- **Data for this exercise**:
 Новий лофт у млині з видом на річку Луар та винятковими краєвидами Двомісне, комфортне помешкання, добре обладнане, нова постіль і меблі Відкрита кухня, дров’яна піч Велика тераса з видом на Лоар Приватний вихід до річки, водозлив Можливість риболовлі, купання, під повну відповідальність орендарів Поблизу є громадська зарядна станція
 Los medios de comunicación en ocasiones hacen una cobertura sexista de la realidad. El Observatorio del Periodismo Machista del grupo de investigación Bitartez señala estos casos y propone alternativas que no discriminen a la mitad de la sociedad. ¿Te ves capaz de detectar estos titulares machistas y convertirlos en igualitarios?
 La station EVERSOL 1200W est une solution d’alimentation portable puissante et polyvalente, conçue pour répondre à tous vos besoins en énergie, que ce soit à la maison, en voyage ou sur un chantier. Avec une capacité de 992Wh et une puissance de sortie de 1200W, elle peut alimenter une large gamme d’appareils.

* * *

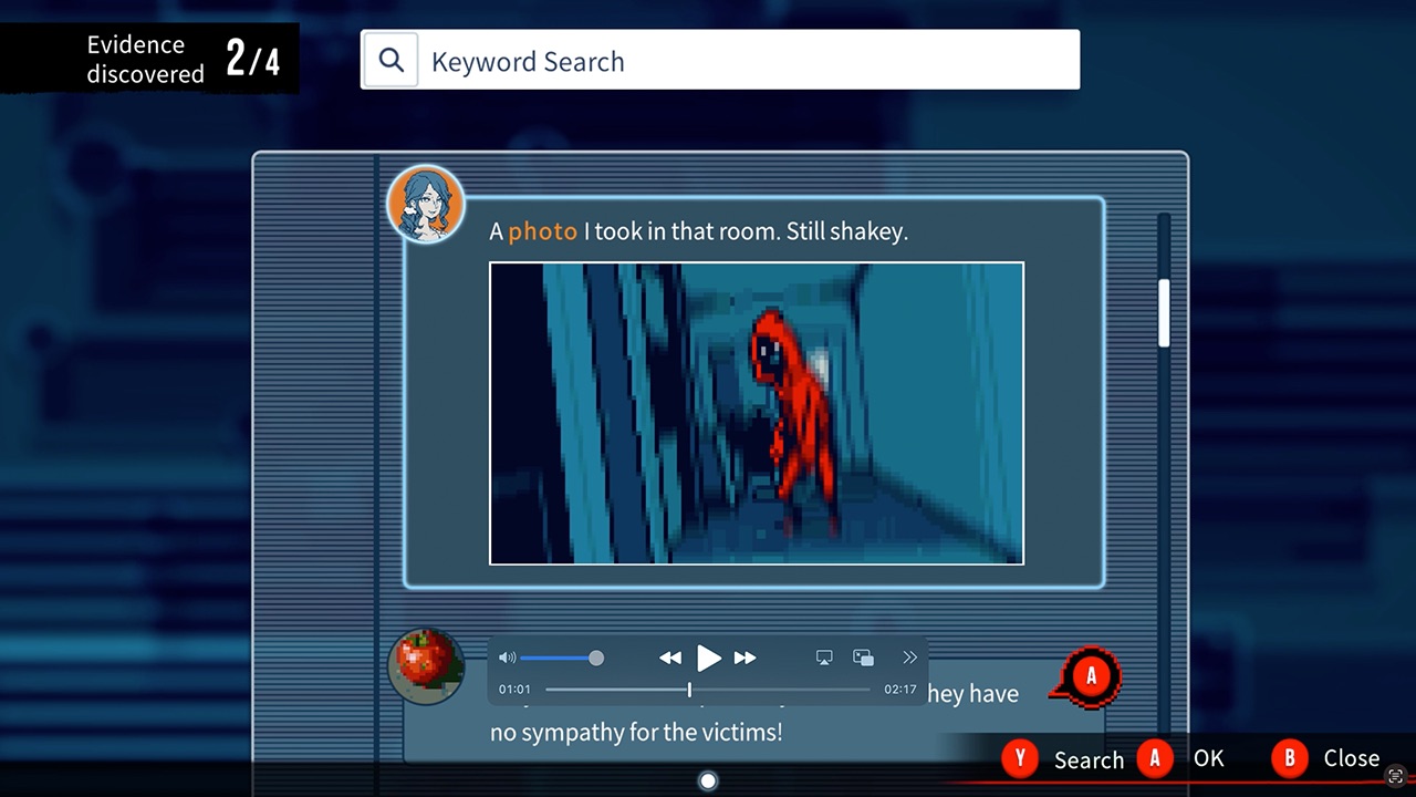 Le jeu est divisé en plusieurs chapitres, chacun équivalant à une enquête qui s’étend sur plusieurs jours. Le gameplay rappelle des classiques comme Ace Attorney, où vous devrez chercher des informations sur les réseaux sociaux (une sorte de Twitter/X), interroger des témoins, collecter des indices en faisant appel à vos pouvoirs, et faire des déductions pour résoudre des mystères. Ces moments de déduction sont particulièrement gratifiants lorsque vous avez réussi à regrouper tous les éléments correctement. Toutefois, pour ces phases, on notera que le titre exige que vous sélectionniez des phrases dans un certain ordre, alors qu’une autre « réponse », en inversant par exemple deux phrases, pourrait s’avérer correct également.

--

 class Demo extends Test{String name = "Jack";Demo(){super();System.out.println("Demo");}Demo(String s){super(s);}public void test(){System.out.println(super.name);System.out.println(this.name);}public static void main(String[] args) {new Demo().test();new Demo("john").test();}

- **Task item**: Please copy, exactly and with nothing else, the lines above beginning at the line that has "Новий лофт у" and ending with the line that has "La station EVERSOL".

- **Completed exercise**:
 Новий лофт у млині з видом на річку Луар та винятковими краєвидами Двомісне, комфортне помешкання, добре обладнане, нова постіль і меблі Відкрита кухня, дров’яна піч Велика тераса з видом на Лоар Приватний вихід до річки, водозлив Можливість риболовлі, купання, під повну відповідальність орендарів Поблизу є громадська зарядна станція
 Los medios de comunicación en ocasiones hacen una cobertura sexista de la realidad. El Observatorio del Periodismo Machista del grupo de investigación Bitartez señala estos casos y propone alternativas que no discriminen a la mitad de la sociedad. ¿Te ves capaz de detectar estos titulares machistas y convertirlos en igualitarios?
 La station EVERSOL 1200W est une solution d’alimentation portable puissante et polyvalente, conçue pour répondre à tous vos besoins en énergie, que ce soit à la maison, en voyage ou sur un chantier. Avec une capacité de 992Wh et une puissance de sortie de 1200W, elle peut alimenter une large gamme d’appareils.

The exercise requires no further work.